What Is Book Closure?
Book closure is a time period during which a company will not handle adjustments to the shareholder register or requests to transfer shares. Companies will often use the book closure date to identify the cut-off date for determining which investors on record will receive a dividend payment for that period.
- Book closure is a time period where companies do not handle adjustments to their register or any requests to transfer shares.
- Book closure is also used as a cut-off date to determine which investors will receive a dividend payment for that dividend period.
- Investors pay close attention to the book closure date as it determines when they should sell their shares or how long they need to hold onto them to receive a dividend.
- Other important dividend dates that work in conjunction with book closure are the disclosure date, record date, ex-dividend date, and the payment date.
Understanding Book Closure
The stock of publicly-traded companies changes hands daily as investors buy and sell shares on stock exchanges. Because shares change hands between investors so quickly on the stock market, it can be difficult to determine who owns the shares at a specific moment.
Due to this complexity, when a company declares it will pay a dividend, it must set a specific date when the company will close its shareholder record book and commit to sending the dividend to all investors holding shares as of that date. Book closures allow companies to bring clarity to the process of stock ownership.
After a company declares a book closure it continues to maintain records of ownership. The record date is the date that companies check to see if an investor is on their books and therefore eligible to receive a dividend. A company’s board of directors establishes a record date after they decide to issue a dividend payment.
The record date and book closure date are the same in their cut-off requirement, though the record date does not necessarily imply a period of closing adjustments or transfers. The record date is often referred to as the book closure date in some foreign countries. When investing internationally, it's important to be aware of these slight changes in terminology and how they can impact one's portfolio.
A stock that pays a dividend often increases in price as the book closure date approaches. Due to the logistics of processing a large number of payments, the dividend may not be paid until a few days later. After the book closure date, the price of the stock usually begins to drop, since buyers after this date are no longer entitled to the dividend. Though the process starts again towards the next book closure date.
The book closure date is important to investors as it helps them decide when to sell their shares, not only in relation to capital appreciation but also as part of an income strategy. If they are interested in receiving the dividend, then they will hold off until selling their shares till later.
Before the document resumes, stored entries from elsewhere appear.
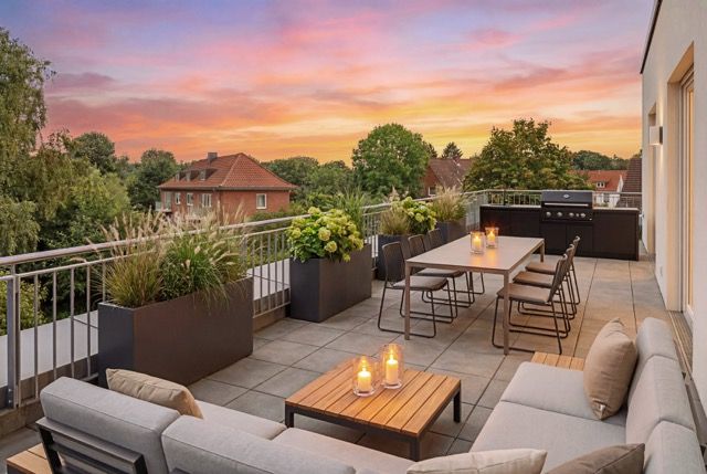 Auch von dem großen und hellen Schlafzimmer sowie einem weiteren Zimmer ist die weitläufige nach Süd-Westen ausgerichtete Dachterrasse begehbar, um entspannte Zeiten bei Sonnenschein zu genießen.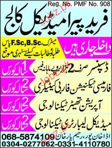 Fareeda Para Medical College Admission in Courses in Dispenser One Year, Pharmacy Technicians Two Year, Operation Theator Technology 2 Yeas and Medical Lab technology in Rahim Yar Khan. Read newspaper ad for exact details.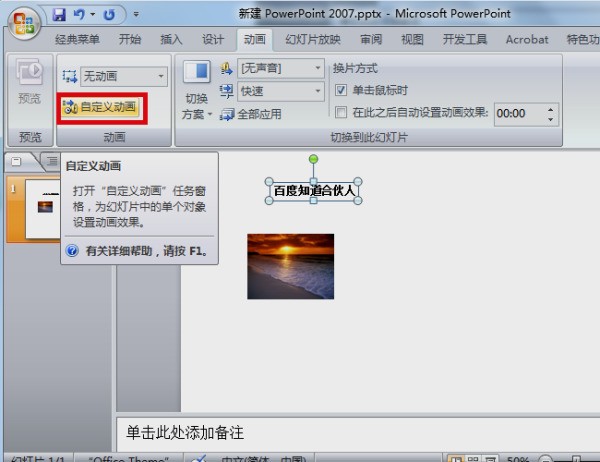3、然后在出现的窗口中,找到“自定义动画”选项进行点击。

Book Closure, Record Date, and Ex-Dividend Date
Following the record date and book closure, the ex-dividend date is another important, related date. On and after the ex-dividend date, a seller is still entitled to the dividend even if they have already sold their shares to a buyer because their name will still appear on the record date.
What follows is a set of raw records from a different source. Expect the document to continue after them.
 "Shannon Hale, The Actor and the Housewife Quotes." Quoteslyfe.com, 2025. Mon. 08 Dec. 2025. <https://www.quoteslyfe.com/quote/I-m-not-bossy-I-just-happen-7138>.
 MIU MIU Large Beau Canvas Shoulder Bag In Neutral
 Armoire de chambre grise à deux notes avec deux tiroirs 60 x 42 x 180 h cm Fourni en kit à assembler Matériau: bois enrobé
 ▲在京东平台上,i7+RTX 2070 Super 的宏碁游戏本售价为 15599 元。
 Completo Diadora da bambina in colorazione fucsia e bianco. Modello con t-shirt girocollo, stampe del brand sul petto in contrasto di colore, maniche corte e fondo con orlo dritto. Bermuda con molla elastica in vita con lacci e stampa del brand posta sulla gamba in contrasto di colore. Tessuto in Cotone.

The ex-dividend date is typically set for two business days prior to the record date, due to the T+3 system of settlement used in U.S. financial markets. To put it more plainly, if you buy a share one day before the ex-dividend date your name will appear on the record date, making you eligible to receive the dividend payment. If you buy a share on the ex-dividend date or after, you will not receive the dividend for that period.
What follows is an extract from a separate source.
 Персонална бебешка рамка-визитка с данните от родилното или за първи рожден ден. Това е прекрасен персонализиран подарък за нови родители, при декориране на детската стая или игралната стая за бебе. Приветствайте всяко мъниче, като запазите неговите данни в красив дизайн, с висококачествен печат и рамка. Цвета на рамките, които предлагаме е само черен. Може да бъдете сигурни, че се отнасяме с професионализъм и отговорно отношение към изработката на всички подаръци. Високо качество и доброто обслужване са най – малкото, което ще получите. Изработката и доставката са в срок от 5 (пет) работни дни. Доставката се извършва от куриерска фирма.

Additional important dates with regards to book closure include the declaration date, when a company's board of directors announces a dividend distribution, along with the payment date, when the company mails dividend checks or credits them to investor accounts.
Investors pay close attention to records of dividend payments as receiving dividends is an important component of several income-oriented investment strategies. These can be standalone approaches to maintaining a steady income without much risk or an add-on to a larger portfolio strategy.